The dramatic fall in wholesale prices underlines why generators such as the Queensland government-owned Stanwell Corp and CS Energy want the renewable energy target to be brought to an end. Nearly 4,000 households a month are applying to put panels on their roofs in the south-east corner of the state alone, as consumer bills soar again.
Stanwell, which owns more than 4,000GW of coal and gas-fired generation, has already blamed solar for its inability to generate any profits in the last financial year, and the Newman government is now trying to sell both Stanwell and CS Energy. The conservative state government also wants the RET stopped, recently arguing that any efforts to curb emissions or clean up the energy system should wait until “society is wealthier.”
The fall in energy prices came as Abbott blamed renewable energy for lifting retail electricity bills. On Tuesday, Queensland electricity prices did indeed rise 18 per cent, but this was almost entirely the result of soaring network costs and rising gas prices. The impact of renewable energy on retail prices actually fell.
Abbott’s comments came despite the conclusion of his own hand-picked modellers, ACIL Allen, which said the renewable energy target would lower consumer bills over the medium to long term.
This confirms conclusions reached by other analysis, despite the fact that the numbers dialled into the modeling by ACIL Allen were “fossil fuel” friendly and did not reflect the real cost of renewables.
These softening impacts on customer bills from renewables come because they force down the wholesale of electricity, and incumbent generators do not like that.
Queensland is notable because it has installed very little large-scale renewable energy. There are no wind farms in the state, apart from the old Windy Hill installation in the north of the state, and just a few hydro and biomass plants.
In solar, however, it leads the world, with more than 1.1GW installed. According to a new report by Energex, it now has the highest per capita solar uptake in the world, with more than one if four houses in the south-east corner having rooftop solar.
This graph of Queensland demand and prices on Monday and Tuesday from the Australian Energy Market Operator illustrates the problem for coal and gas generators. The middle of the day was when the fossil fuel generators used to generate most revenue, because demand was highest. Now, demand eases dramatically, as this graph shows. Demand is in the green, while the wholesale price in is the red line.
Here is another way of viewing the contribution of rooftop solar, taken from the APVI’s live solar map. It shows the contribution of solar in Queensland on July 1 at more than 10 per cent around noon, with output of more than 600MW, equivalent to a coal-fired power station.
To get another view of what happened in prices, this table from Global-Roam data , which has its own detailed explanation from Paul McCardle on his Watt Clarity website, shows that Queensland prices were well below the Australian average on Tuesday.

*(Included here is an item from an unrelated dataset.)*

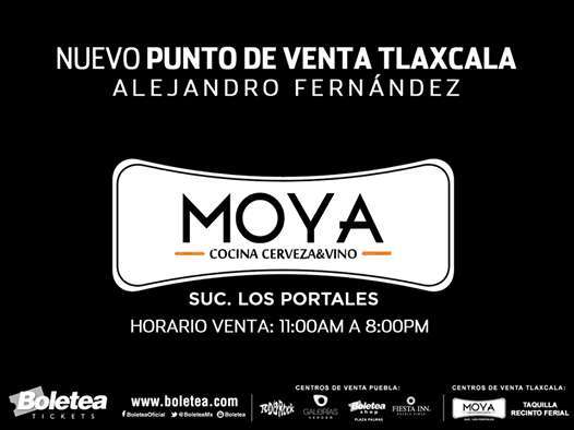 Puntos de venta autorizados en Tlaxcala: Taquilla del Recinto Ferial (lugar del concierto) y Restaurante MOYA (Plaza de la Constitución número 11, centro).
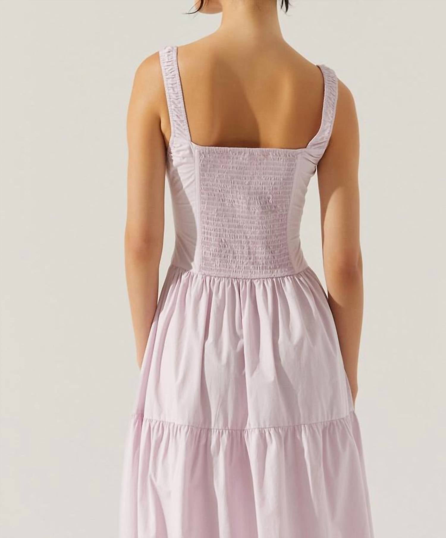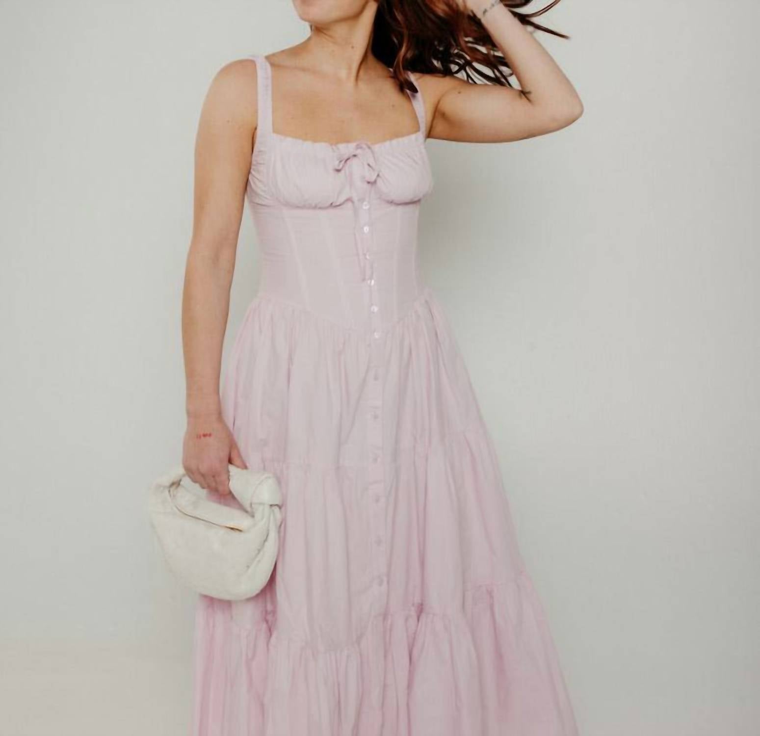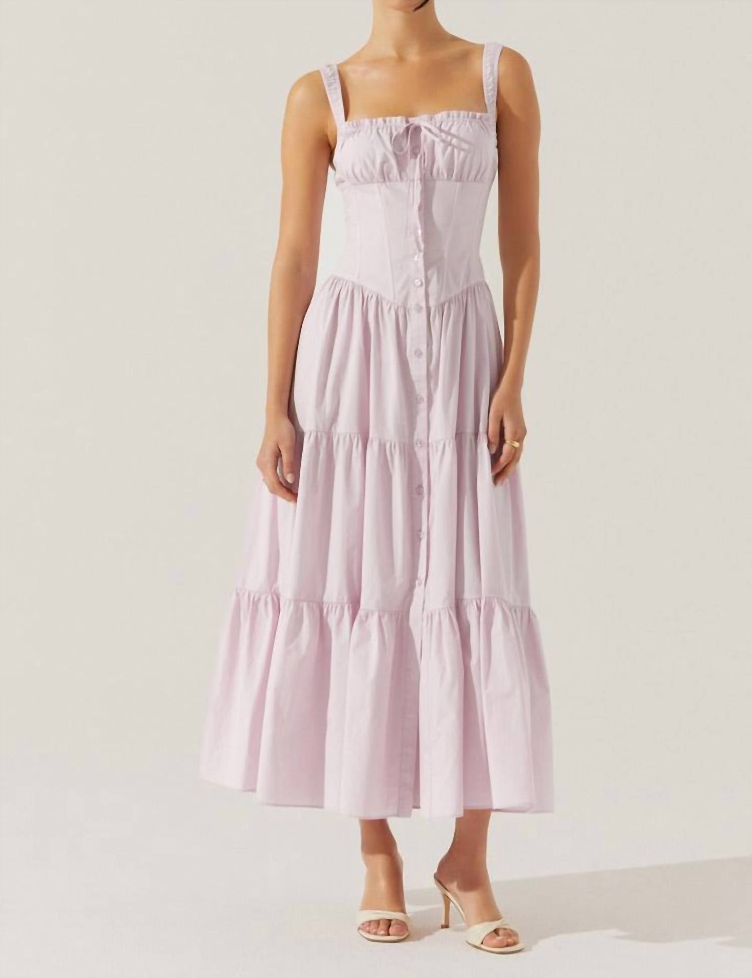 Cute and comfortable, this long sleeve dress has it all. Meet the Nicola Maxi Dress by ASTR, an elegant choice for your holiday party. This sleeveless, tiered milkmaid dress in solid black features a full button front closure and a flattering fit-and-flare silhouette. Made from 100% cotton, it offers comfort with elastic straps, a gathered bust with an adjustable tie, and supportive boning around the torso. This minimalist, sweetheart neckline dress is perfect for a spring season gathering, modeled here in size S by a 5'1" individual.

As their story notes: “A trader that I have just spoken with mentioned prices being “soft” in QLD today – I’m sure the generators here would be noting that they could not be much softer than this without being jelly!”

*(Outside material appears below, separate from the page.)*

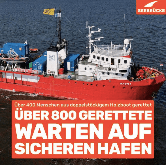 Über 800 Menschen auf der Sea-Eye 4 brauchen nun umgehend einen sicheren Hafen! Dabei darf die deutsche Regierung nicht aus der Verantwortung genommen werden: Solidarität bedeutet eine Aufnahmezusage! Und außerdem: Flächendeckende, europäisch finanzierte Seenotrettung ist dringend nötig, das zeigen die letzten Tage auf dem Mittelmeer deutlich.

And later … “it does reveal how solar is really starting to cause a whole world of pain to existing generators in Queensland, and promising more.”
Watt Clarity further observes that “as solar continues to eat the midday lunch of scheduled demand, dampening prices through the middle of the day, it seems likely that the generators (starved of volume) will use whatever advantage they have to make back some of the losses in the mornings and the evenings.”
Indeed, nearly 4,000 homes in south east Queensland are making applications to install rooftop solar each month. Australia-wide, solar – currently standing at 3.4GW – is predicted by Bloomberg New Energy Finance to jump to 23GW by 2030, with 5 million homes installing rooftop panels.
BNEF has described the rooftop solar market as ‘unstoppable’ – not just in Australia though. Its 2030 Market Report released this week predicts $7.7 trillion of renewable investment across the world in the next 15 yard, with solar to make a significant contribution, including in the major markets of US, China and India.
The Energex network, which operates in the south-east corner and Brisbane, added another 13.7MW of rooftop solar in June, to take their total installed in the Energex network to 843MW on 261,500 homes and businesses.
Another 3,563 homes added solar in the south east corner in June, despite the fact that they would only get paid 8c/kWh for electricity they export back into the grid.
From Tuesday, that payment by the network ceases and falls to retailers. But the payment is voluntary, and has to be negotiated between the customer and the retailer. More than 59,000 houses – with some 200MW of rooftop solar – now find themselves in this situation.
Whats more, new rules have been introduced which allow the network operator to require that no exports can be made back to the grid for new rooftop solar systems. Ergon Energy explained its reasoning here, saying it wanted to prevent “reverse flows” and encourage more solar and energy storage on its network.